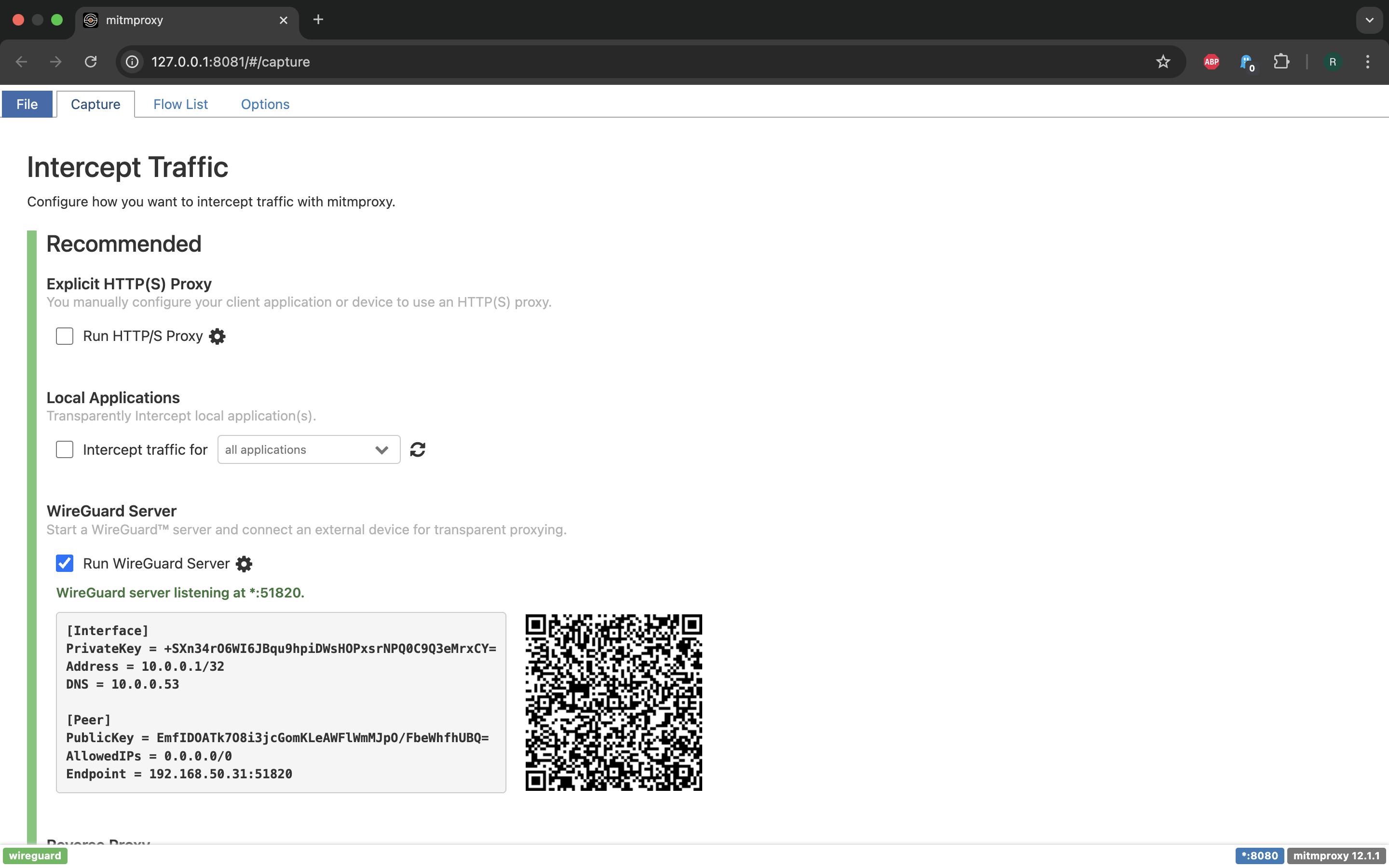 In Capture tab we will have QR code we can scan with the official WireGuard app, which will guide us through a flow of setting it up on a mobile device. However, before you do that it is best to have X.509 certificate installed by going through the default mode setup procedure or some other way, so that TLS flows can be properly intercepted.
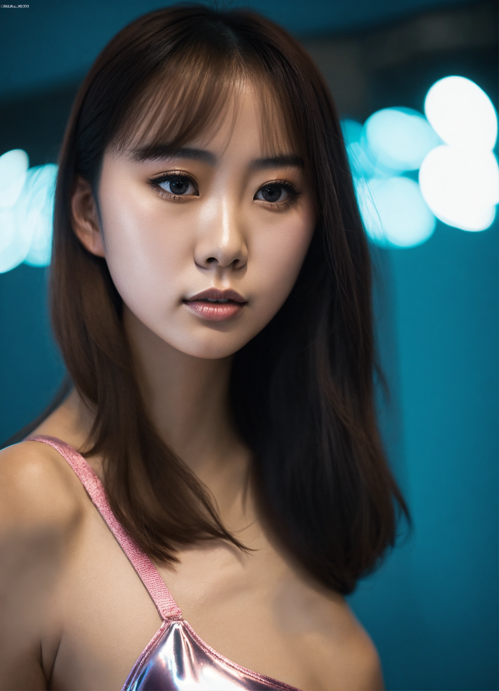 Slim japanese woman in glossy leotard
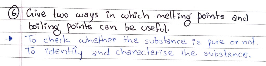 Q6. Give two ways in which melting points and boiling points can be useful.
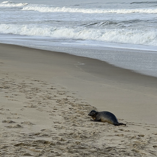 We don't do well with the bitter cold around here and by bitter cold, I mean 45 degrees! The thing about the Outer Banks winters isn't really the temperature... it's the wind! The ocean breeze that is refreshing in the Summer becomes an icy cold wind that can take your breath away. The winter also brings seals to our shores as they come to the sand to rest. This week I was lucky enough to see an adorable baby seal resting in Kitty Hawk. We also had some resting seals in Nags Head and Rodanthe so they were making lots of headlines around town! There is something so amazing about seeing these beautiful creatures in person. It is most important to note that if you have the honor to see a resting seal, you must stay at least 150 feet away so that you don't spook it. Seals can carry herpes and rabies so you absolutely don't want to try to touch it or help it. Just call the Marine Life folks and they will come out! You have to check out this Instagram video of this little guy coming ashore. He was estimated to be 9 weeks old... I'm calling him a he but I was told by a NEST volunteer that they don't know gender at this young age. She also told me that baby seals wean from their mamas around 4-6 weeks and from that point on, they are often on their own! Break my heart, why don't ya! I found this website with lots of great answers because I just can't give the info out fast enough. Anyway, peep this video and photos from my iPhone below. Eloise and I just really wanted to snuggle this pup, especially with how cold it has been. Somebody needs to give this sweet baby a swaddle and a baba, am I right? <3
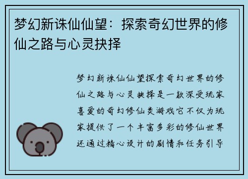 梦幻新诛仙仙望:探索奇幻世界的修仙之路与心灵抉择
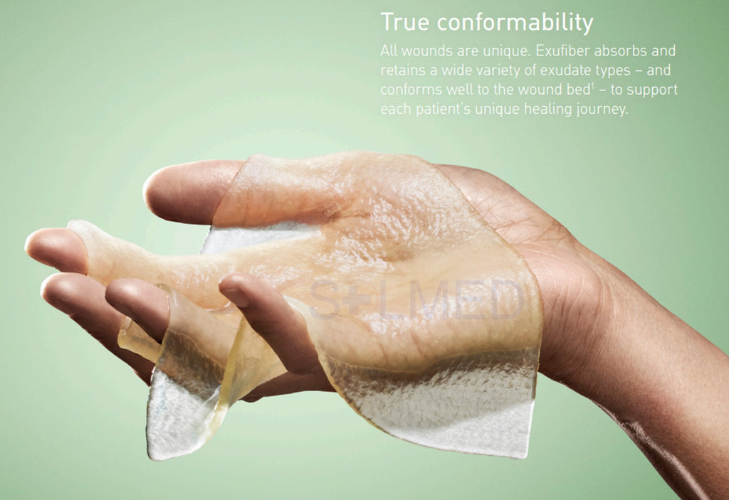 Az Exufiber egy steril, nem szőtt kötszer, amely erősen nedvszívó polivinil-alkohol szálakból készül. A sebváladékkal érintkezve az Exufiber Ag+ géllé alakul át, amely megkönnyíti a nedves sebgyógyulást és a kötéscsere során a könnyű eltávolítást.
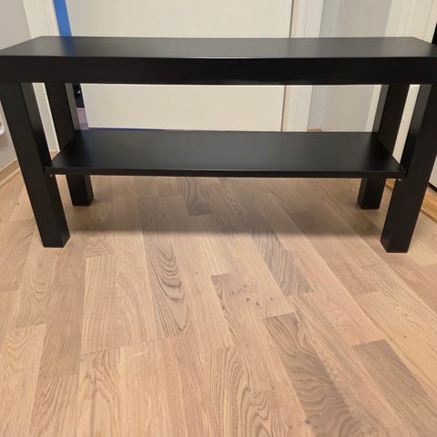 TV-benk fra IKEA i hvit farge selges billig. Enkel og liten TV-benk med plass til masse oppbevaring bak to dører i glass.
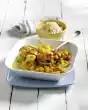 Peel, wash and cut the potatoes into pieces. Cook in boiling salted water for about 20 minutes. Wash the meat, dab dry and season with salt and pepper. Heat 2 tablespoons of oil in a frying pan, fry the chicken fillets all around, remove.
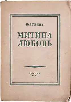 Mitya's Love (Russian: Митина любовь, Mi'tina Lyubo'v) is a short novel by the Nobel Prize-winning Russian author Ivan Bunin written in 1924 and first published in books XXIII and XXIV of the Sovremennye zapiski, a Paris-based literary journal in 1925.[1][2] It also featured in (and gave the title to) a compilation of novelets and short stories published the same year in France.
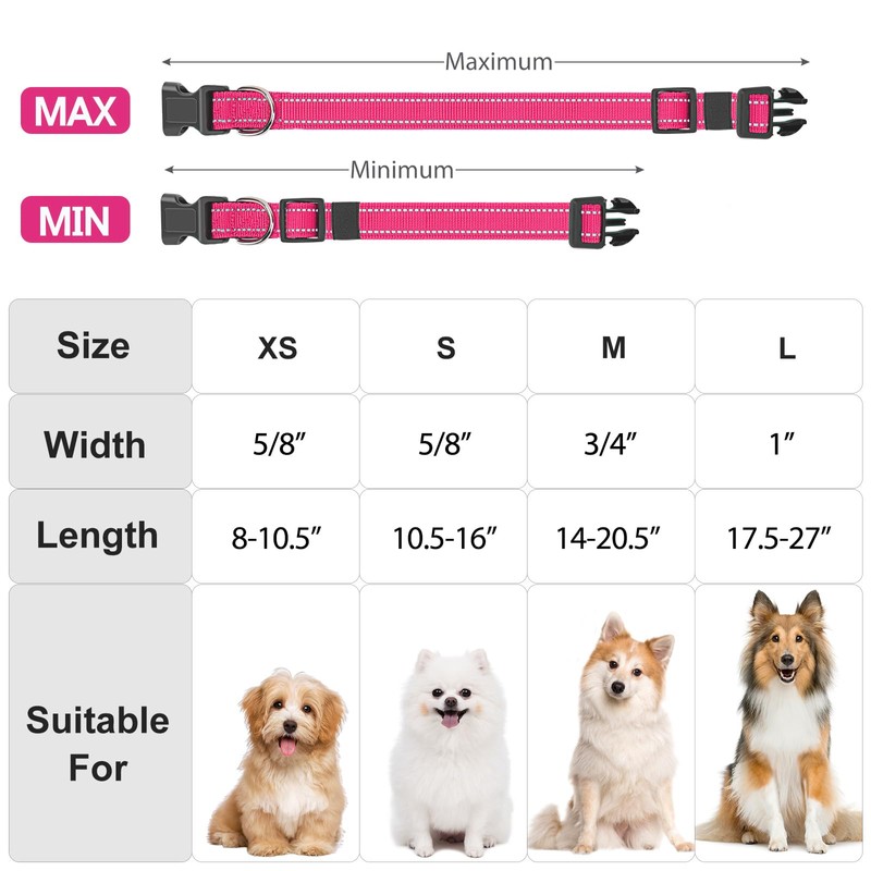 PenSeepet Reflective Dog Collar Padded with Soft Neoprene Breathable Quick Release Basic Dog Collars for Puppy Small Dogs Hot Pink
┄┄┄┄┄┄
◆ **WHAT YOU HAVE TO DO**
Within the material above, find the part that opens with the line containing "Slim japanese woman in glossy leotard" and closes with the line containing "Q6. Give two", and reproduce it exactly without the pictures.

◆ **SOLUTION FOR THIS PROBLEM**
 Slim japanese woman in glossy leotard
 Q6. Give two ways in which melting points and boiling points can be useful.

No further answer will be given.